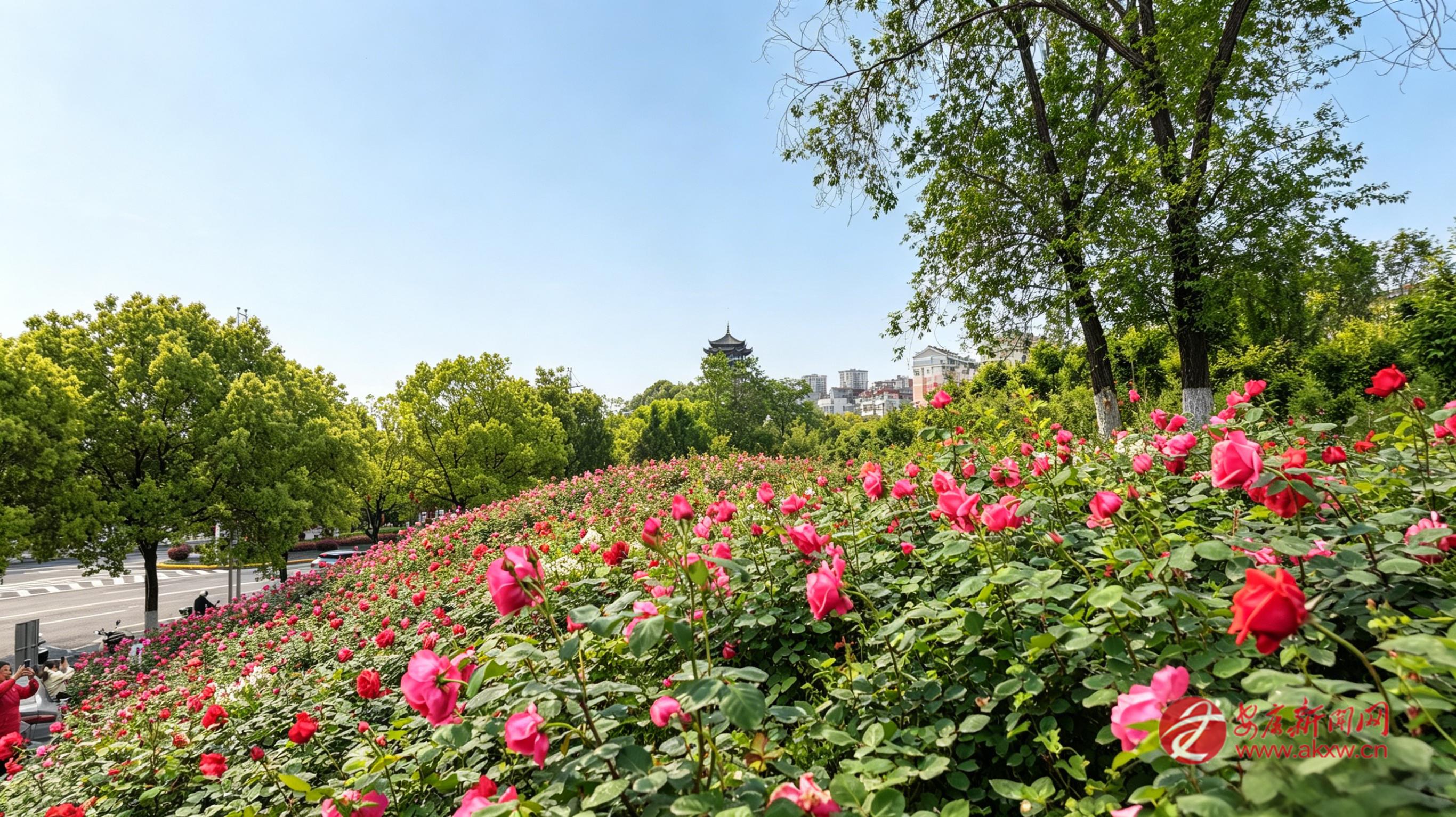 從金川門(mén)到西津漢江大橋的漢江堤岸上,月季長(zhǎng)廊如約綻放,紅似火、粉如霞,將濱江步道裝點(diǎn)得如詩(shī)如畫(huà)。市民和游客徜徉其間,與繁花合影,與江風(fēng)相擁,盡情享受春日的愜意時(shí)光。
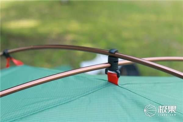 交叉式的帐杆,顶部的固件设计非常好,固定起来方便又合理。
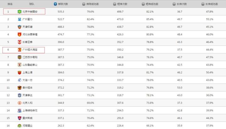 众所周知,国安和恒大都是地面传控为主的打法,中超前六轮战罢,两支球队的场均控球率都名列前茅,所以本场比赛双方肯定都会力拼中场。中场的争夺体现在传控组织和拦截抢断两个层面,具体来看,国安中场拥有奥古斯托、池忠国、朴成和比埃拉,脚下技术能力一直都是球队的优势。技术统计显示,前六轮中超联赛国安场均可以完成535.3次传球,排名中超第一位,而且79.6%的传球成功率,也仅次于广州富力,排名第二。
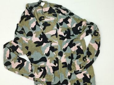 Kardigan damski w militarny wzór camo - Marka: Osh (etykieta na zdjęciu) - Rozmiar z metki: S - Krój: krótki kardigan zapinany na 4 guziki - Dekolt: głęboki V-neck - Kolorystyka: beże, oliwkowa zi...
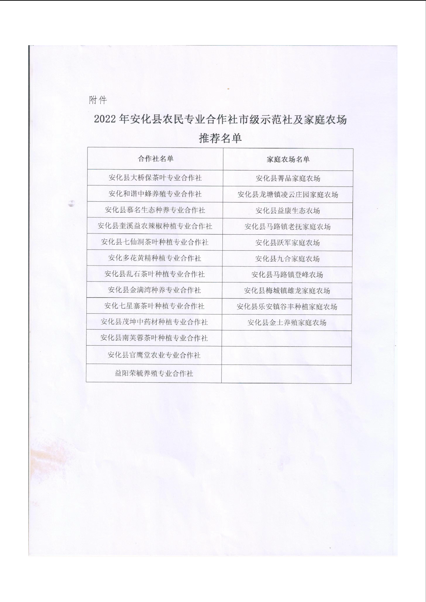 关于推荐2022年农民合作社市级示范社和市级示范家庭农场的公示
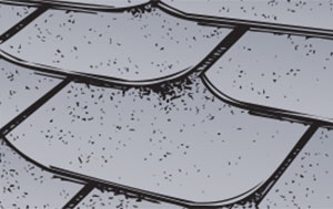 Outdoors, inspect shingles for waves or ripples, adhesive failure, surface dull spots, broken or loose shingles. Loose granules on the surface is an indication of shingle decay. A few loose shingles may not mean a total roof replacement and could be a simple DIY repair.
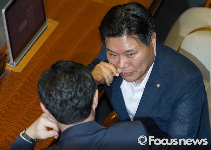 한편 홍 의원과 김문수 전 경기도지사가 이날 연이어 불출마를 선언하면서 당 대표 선거는 6파전으로 진행될 것으로 보인다.20일 오전 서울 여의도 국회에서 열린 344회 국회(임시회) 2차 본회의, 사드(THAAD·고고도미사일방어체계) 배치에 대한 긴급현안질문에 참석한 홍문종(오른쪽), 유기준 새누리당 의원이 대화하고 있다. 2016.07.20 박동욱 기자

——

_Task prompt:_
Transcribe all data precisely. Pictures are not copied.

_Response to this task:_
 從金川門(mén)到西津漢江大橋的漢江堤岸上,月季長(zhǎng)廊如約綻放,紅似火、粉如霞,將濱江步道裝點(diǎn)得如詩(shī)如畫(huà)。市民和游客徜徉其間,與繁花合影,與江風(fēng)相擁,盡情享受春日的愜意時(shí)光。
 交叉式的帐杆,顶部的固件设计非常好,固定起来方便又合理。
 众所周知,国安和恒大都是地面传控为主的打法,中超前六轮战罢,两支球队的场均控球率都名列前茅,所以本场比赛双方肯定都会力拼中场。中场的争夺体现在传控组织和拦截抢断两个层面,具体来看,国安中场拥有奥古斯托、池忠国、朴成和比埃拉,脚下技术能力一直都是球队的优势。技术统计显示,前六轮中超联赛国安场均可以完成535.3次传球,排名中超第一位,而且79.6%的传球成功率,也仅次于广州富力,排名第二。
 Kardigan damski w militarny wzór camo - Marka: Osh (etykieta na zdjęciu) - Rozmiar z metki: S - Krój: krótki kardigan zapinany na 4 guziki - Dekolt: głęboki V-neck - Kolorystyka: beże, oliwkowa zi...
 关于推荐2022年农民合作社市级示范社和市级示范家庭农场的公示
 Outdoors, inspect shingles for waves or ripples, adhesive failure, surface dull spots, broken or loose shingles. Loose granules on the surface is an indication of shingle decay. A few loose shingles may not mean a total roof replacement and could be a simple DIY repair.
 한편 홍 의원과 김문수 전 경기도지사가 이날 연이어 불출마를 선언하면서 당 대표 선거는 6파전으로 진행될 것으로 보인다.20일 오전 서울 여의도 국회에서 열린 344회 국회(임시회) 2차 본회의, 사드(THAAD·고고도미사일방어체계) 배치에 대한 긴급현안질문에 참석한 홍문종(오른쪽), 유기준 새누리당 의원이 대화하고 있다. 2016.07.20 박동욱 기자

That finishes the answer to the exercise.